How do you solve and check for extraneous solutions in #3sqrt(x^2+9)=3#?

1 Answer
Aug 10, 2015

Answer:

This equation doesn't have real solutions.

Explanation:

I would first rearrange it as:

#sqrt(x^2+9)=3/3#
#sqrt(x^2+9)=1#
square both sides:
#x^2+9=1#
#x^2=-9+1#
#x^2=-8#

At this point you have a problem: there is no real number that can satisfy this equation: no real number squared can give you a negative value!
On the other hand you could use a different type of number although I am not sure you know it.
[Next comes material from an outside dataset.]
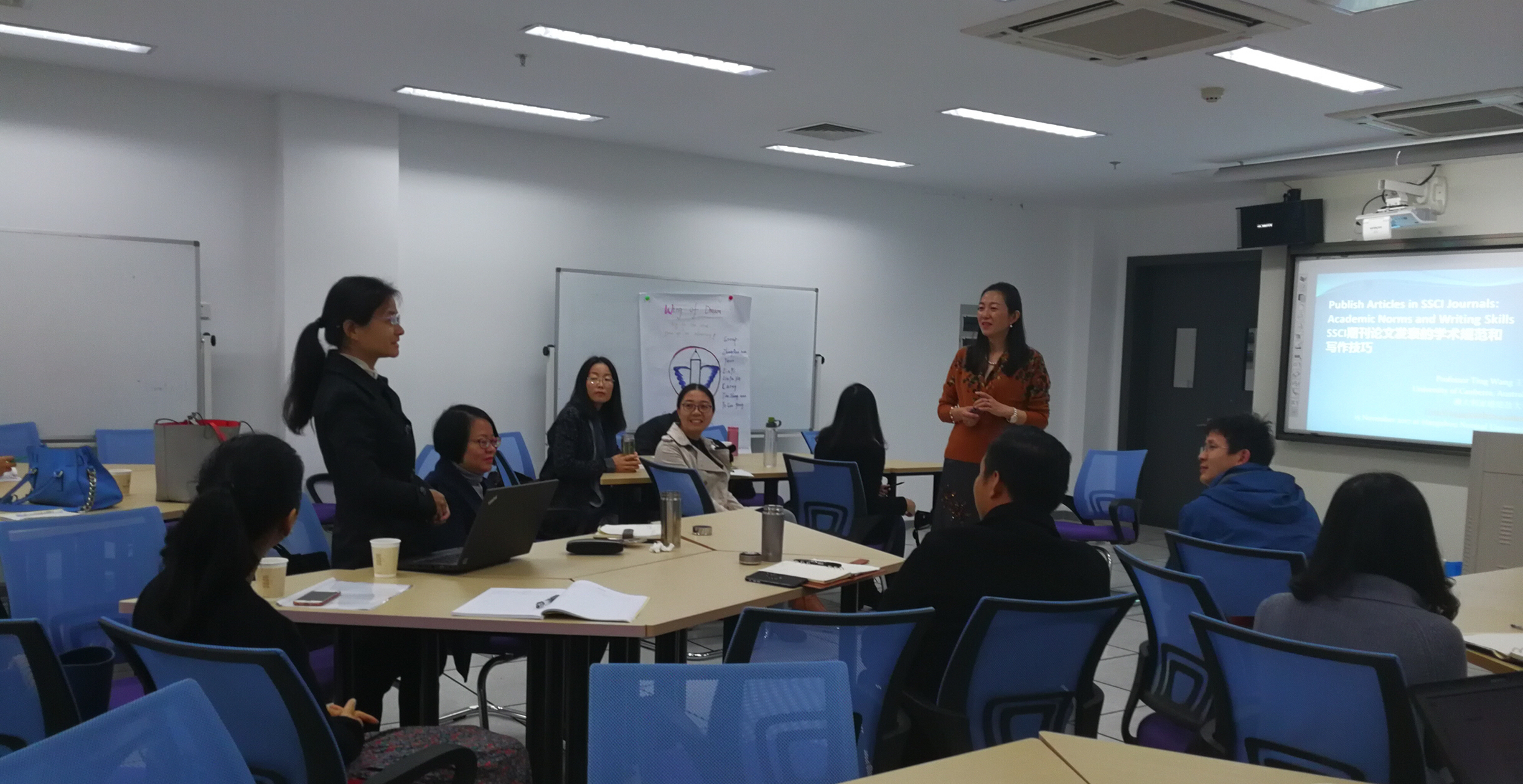 2017月11月15日上午,我校特聘教授澳大利亚堪培拉大学王婷教授与教育学院青年成长营的教师座谈,以“SSCI期刊论文发表的学术规范和写作技巧”主题进行讲座交流。座谈由桃花族论坛 副院长严从根博士主持,20余名青年教师现场聆听了讲座。

You can square root both sides and write your equation as:
#x=+-sqrt(-8)#
#x=+-sqrt(-1*8)=sqrt(8)*sqrt(-1)=#
You can set #sqrt(-1)=i# which is your "new" number called Imaginary Unit!!!
So the solutions for your original equation will be:
#x_1=+sqrt(8)color(red)(i)=+2sqrt(2)color(red)(i)#
#x_2=-sqrt(8)color(red)(i)=-2sqrt(2)color(red)(i)#

Now you can substitute back these two solutions into your original equation and they work (considering that #(sqrt(-1))^2=-1#)!